Oireachtas Joint and Select Committees

Tuesday, 3 May 2022

Select Committee on Communications, Climate Action and Environment

Circular Economy, Waste Management (Amendment) and Minerals Development (Amendment) Bill 2022: Committee Stage

Photo of Richard BrutonRichard Bruton (Dublin Bay North, Fine Gael) | Oireachtas source

On amendment No. 9, one of the things missing from the Bill is the placing of obligations on other Ministers to take appropriate initiatives to promote the circular economy in the sectors where they have responsibility. Amendment No. 9 advocates that we should start to encourage circular compacts within sectors whereby the sectors come together to look at issues like design and material choice, and the other things we have talked about, and that Ministers in those sectors should be actively engaged in this.

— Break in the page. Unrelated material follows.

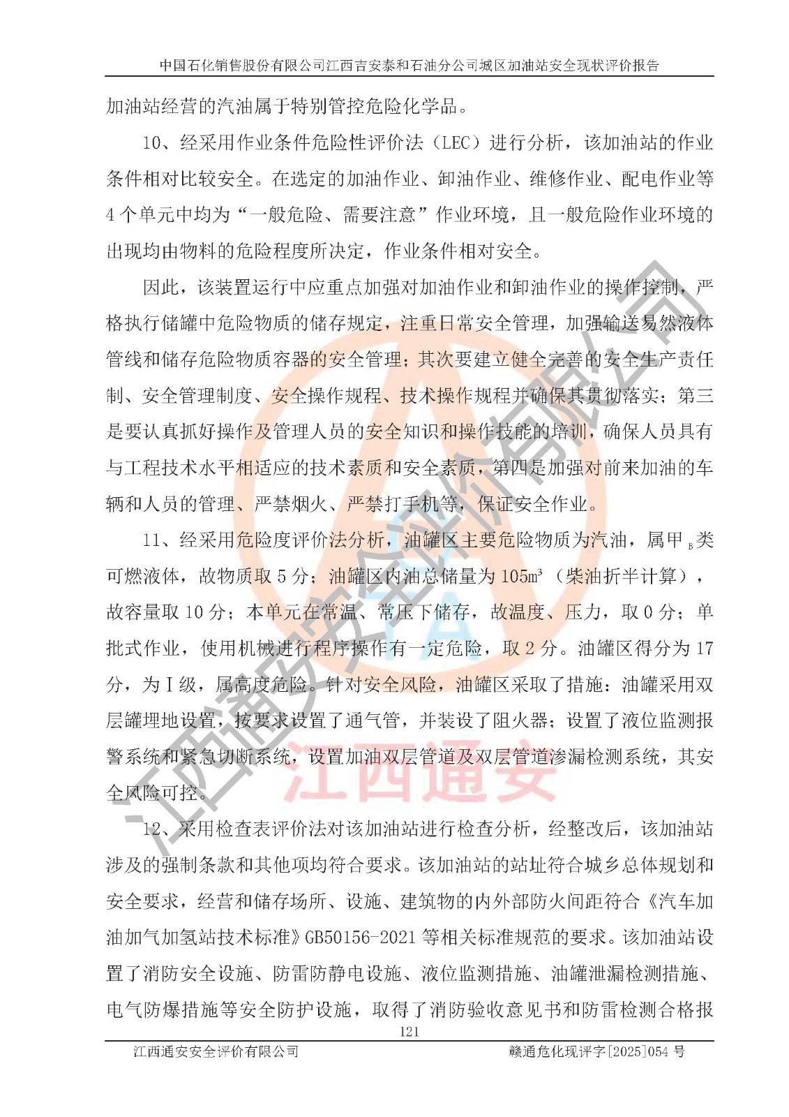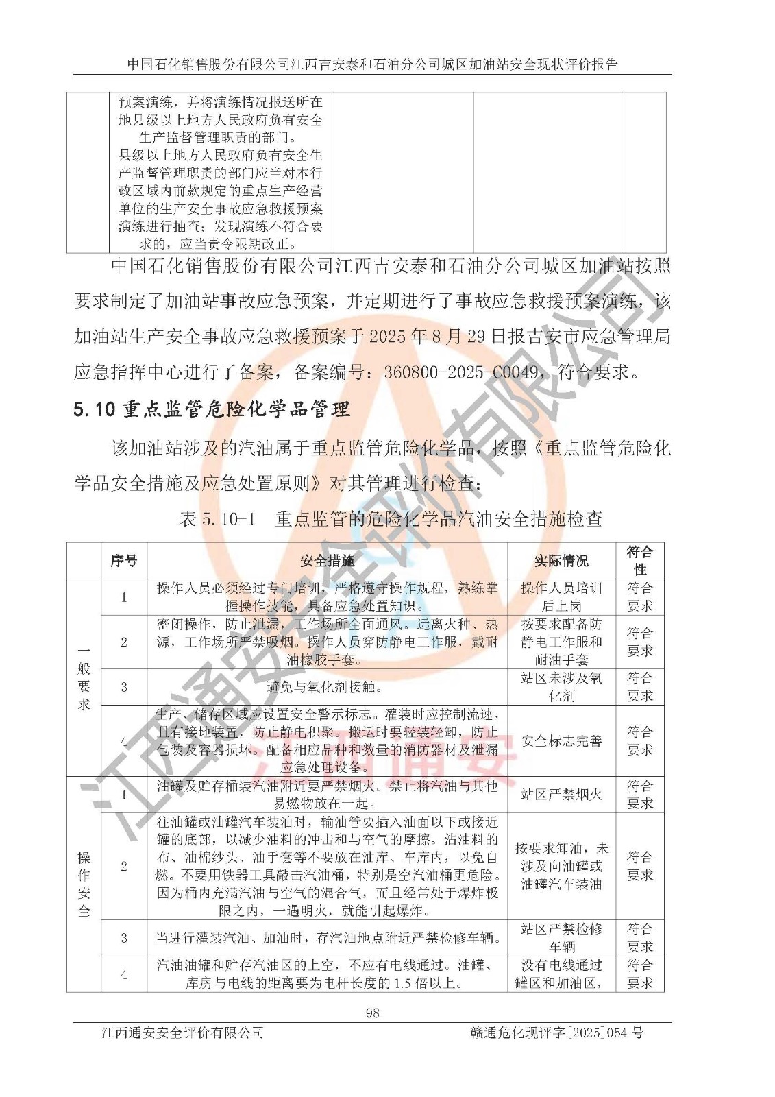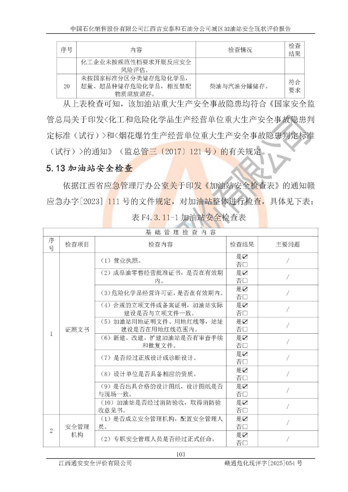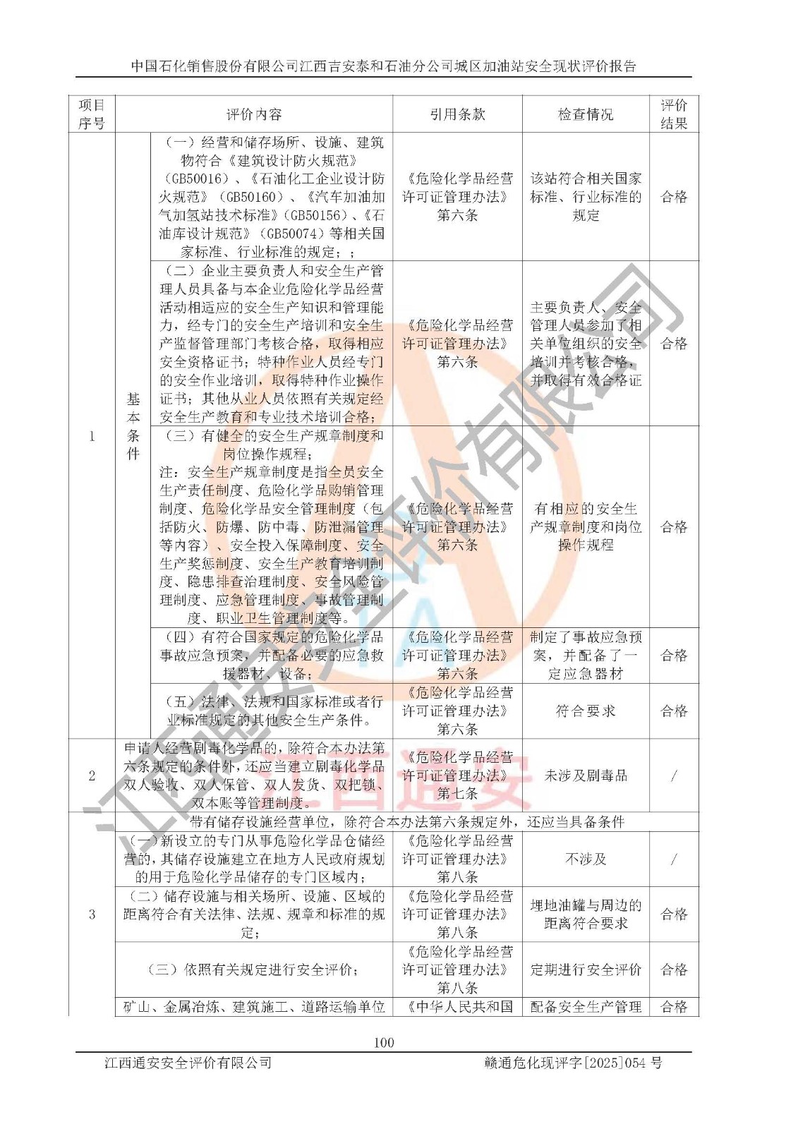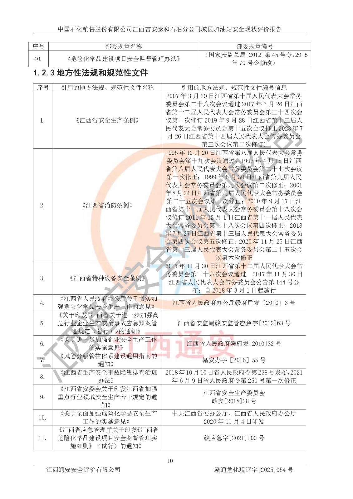 項(xiàng)目名稱 | 中國石化銷售股份有限公司江西吉安泰和石油分公司城區(qū)加油站 安全現(xiàn)狀評(píng)價(jià)報(bào)告 | ||||

Equally, and this must be music to the Minister of State's ears given the principles of circularity in public procurement, I recently had a reply to a parliamentary question from the Department of Public Expenditure and Reform, in which they record 17% of procurement has been green procurement. It seems we have a long way to go to get to the adoption. Public procurement in Ireland needs some legislative prods to get it to change its pattern. They tend to wait until some constituent organisation is looking for a procurement with a green tinge to it. Legislators then respond by producing a framework that embraces this. We need to get a bit more top-down instead of waiting for a very reactive procurement policy, which I believe is there at the moment. The emphasis is on short-term value rather than lifetime cost and lifetime impact is not well developed in the public procurement sector. Perhaps this Bill is an opportunity for the Minister of State, Deputy Smyth, to put a little bit of lead in his pencil when he goes across the road to his other responsibilities in the Department of Public Expenditure and Reform. I will not go beyond that, but I am tempted to recall how the embassy in France was procured by the Irish State.